Richard Lowenberg has been a pioneering media + new-forms artist for 50 years, and continues to work at the forefront of eco-cultural initiatives locally and globally.   He serves on the Board of Santa Fe based CURRENTS: International New Media Festival. Based in Telluride from 1979 to 1996, Richard worked on Mountain Village and regional planning, facilitated the community’s earliest involvements in digital and networked media arts, and with Telluride Institute, initiated the InfoZone and worked for over 12 years to bring the best in global culture to mix it up at 8745’+.

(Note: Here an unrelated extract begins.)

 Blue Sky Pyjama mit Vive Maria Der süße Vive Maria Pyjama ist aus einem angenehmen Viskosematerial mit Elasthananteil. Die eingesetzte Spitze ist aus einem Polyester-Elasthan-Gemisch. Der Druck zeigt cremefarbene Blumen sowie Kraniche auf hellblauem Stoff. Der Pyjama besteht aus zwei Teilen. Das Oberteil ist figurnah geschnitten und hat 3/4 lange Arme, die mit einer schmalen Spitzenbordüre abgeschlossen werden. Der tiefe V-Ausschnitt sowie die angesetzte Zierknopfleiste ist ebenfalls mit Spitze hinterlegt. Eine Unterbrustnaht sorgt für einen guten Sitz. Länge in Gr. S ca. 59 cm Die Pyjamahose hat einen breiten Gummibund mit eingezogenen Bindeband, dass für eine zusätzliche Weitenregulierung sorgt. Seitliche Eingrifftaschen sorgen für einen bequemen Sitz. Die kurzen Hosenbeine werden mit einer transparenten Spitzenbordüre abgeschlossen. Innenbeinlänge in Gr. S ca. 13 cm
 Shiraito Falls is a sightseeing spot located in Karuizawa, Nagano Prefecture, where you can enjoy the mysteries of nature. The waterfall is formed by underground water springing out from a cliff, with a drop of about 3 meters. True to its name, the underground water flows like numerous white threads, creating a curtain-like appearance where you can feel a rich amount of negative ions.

Richard and Morgan Barnard are teaming up with Dan Collins of ASU/Deep Creek Arts and holographic artist, August Muth, to present a new, site-specific digital media arts presentation designed for the July 3rd evening party at the Telluride Transfer Warehouse and to celebrate Telluride community’s cultural future. This project is funded by the Telluride Arts District with support from the National Endowment for the Arts.

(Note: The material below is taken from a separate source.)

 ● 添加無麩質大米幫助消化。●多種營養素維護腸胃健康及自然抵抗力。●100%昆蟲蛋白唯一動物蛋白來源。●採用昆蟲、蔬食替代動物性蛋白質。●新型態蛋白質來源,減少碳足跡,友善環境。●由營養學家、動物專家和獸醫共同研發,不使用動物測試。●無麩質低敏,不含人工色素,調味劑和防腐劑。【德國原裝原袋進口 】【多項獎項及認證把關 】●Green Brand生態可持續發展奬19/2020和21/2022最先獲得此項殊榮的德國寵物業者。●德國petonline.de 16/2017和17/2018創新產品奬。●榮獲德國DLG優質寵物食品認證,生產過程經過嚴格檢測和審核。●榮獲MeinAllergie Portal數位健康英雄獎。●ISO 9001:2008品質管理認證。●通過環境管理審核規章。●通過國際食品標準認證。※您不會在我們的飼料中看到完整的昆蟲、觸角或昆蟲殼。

We asked Richard a few questions:

Your Inspiration?

What is information?   What is this information revolution?  Where is the art in information?

Describe your art:

A lifelong body of creative works, across many media and arts disciplines (photography, theater, digital media, music, text, +), addressing the questions above, presenting an ecological understanding of the information environment.

Future work?

A laser interferometry (holographic)  installation to fine-tune sense economic dynamics,  just as the LIGO project is detecting gravitational waves.

Creative Heros?

Leonardo.   Bucky Fuller.    Elinor Ostrom.

Happy place?

Telluride.   Santa Fe. The Colorado Plateau.

Motto?   

The best defense is a cultural offense.